Exercise requirements: Leave out every picture and set down, exactly, the lines below from the one holding "- une interview" up to and including the one holding "リテールパッケージの価格推移 | | | (2003年12月27日~2005年3月11日) |".

Records shown:
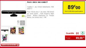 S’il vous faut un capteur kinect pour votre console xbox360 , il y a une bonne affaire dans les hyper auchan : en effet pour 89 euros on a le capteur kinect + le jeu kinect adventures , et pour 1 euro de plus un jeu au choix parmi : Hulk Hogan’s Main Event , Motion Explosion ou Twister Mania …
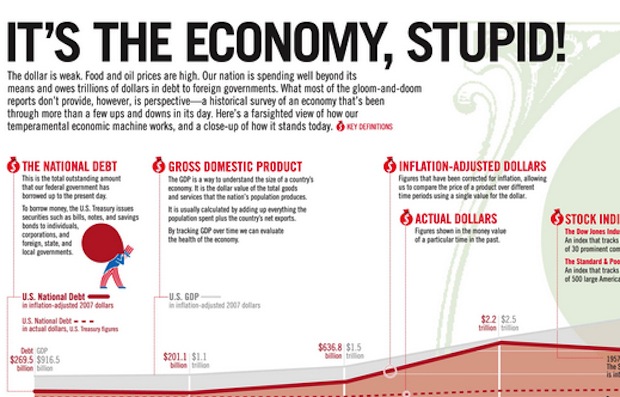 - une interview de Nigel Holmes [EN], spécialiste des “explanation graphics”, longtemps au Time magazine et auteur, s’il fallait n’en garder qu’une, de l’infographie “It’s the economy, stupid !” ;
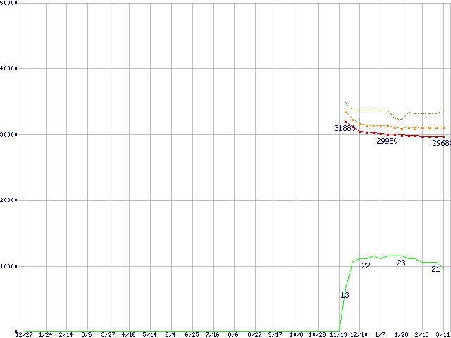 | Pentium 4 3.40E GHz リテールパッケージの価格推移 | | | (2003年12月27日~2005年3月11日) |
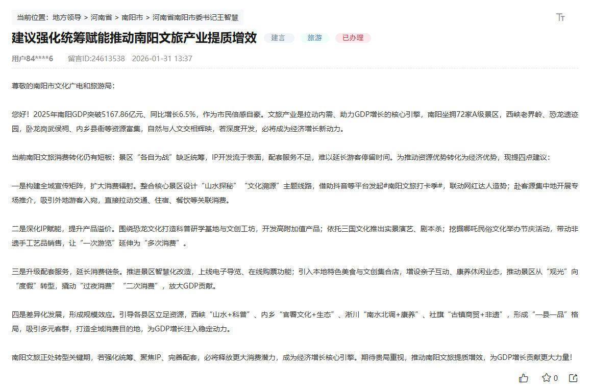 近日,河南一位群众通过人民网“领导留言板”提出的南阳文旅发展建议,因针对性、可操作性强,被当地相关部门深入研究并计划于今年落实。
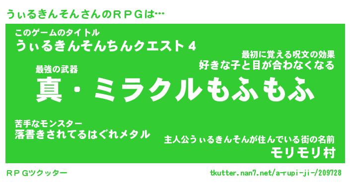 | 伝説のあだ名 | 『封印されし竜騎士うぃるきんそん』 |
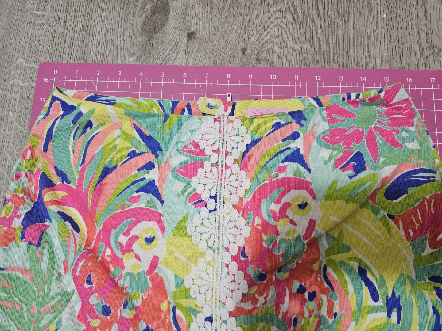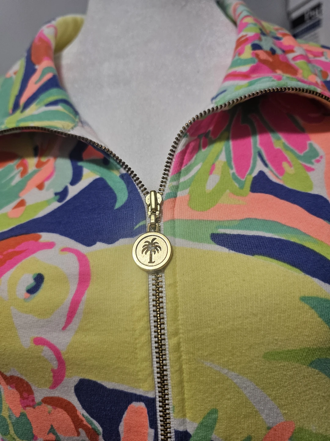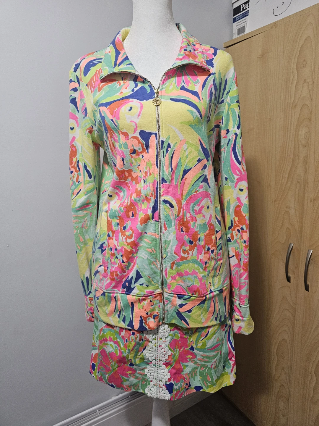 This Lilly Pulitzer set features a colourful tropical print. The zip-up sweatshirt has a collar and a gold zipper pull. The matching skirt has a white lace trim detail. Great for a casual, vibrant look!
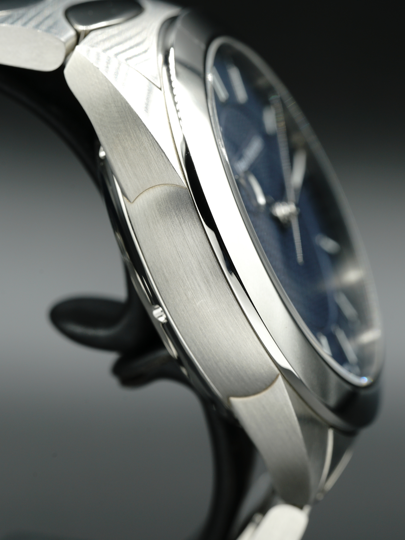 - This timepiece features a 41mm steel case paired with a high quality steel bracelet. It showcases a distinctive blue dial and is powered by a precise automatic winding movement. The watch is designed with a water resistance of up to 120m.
...
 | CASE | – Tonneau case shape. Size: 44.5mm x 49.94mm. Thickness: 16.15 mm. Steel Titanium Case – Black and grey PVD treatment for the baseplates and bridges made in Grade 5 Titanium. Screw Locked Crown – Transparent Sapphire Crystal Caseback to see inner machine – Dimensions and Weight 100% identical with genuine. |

Your solution:
 - une interview de Nigel Holmes [EN], spécialiste des “explanation graphics”, longtemps au Time magazine et auteur, s’il fallait n’en garder qu’une, de l’infographie “It’s the economy, stupid !” ;
 | Pentium 4 3.40E GHz リテールパッケージの価格推移 | | | (2003年12月27日~2005年3月11日) |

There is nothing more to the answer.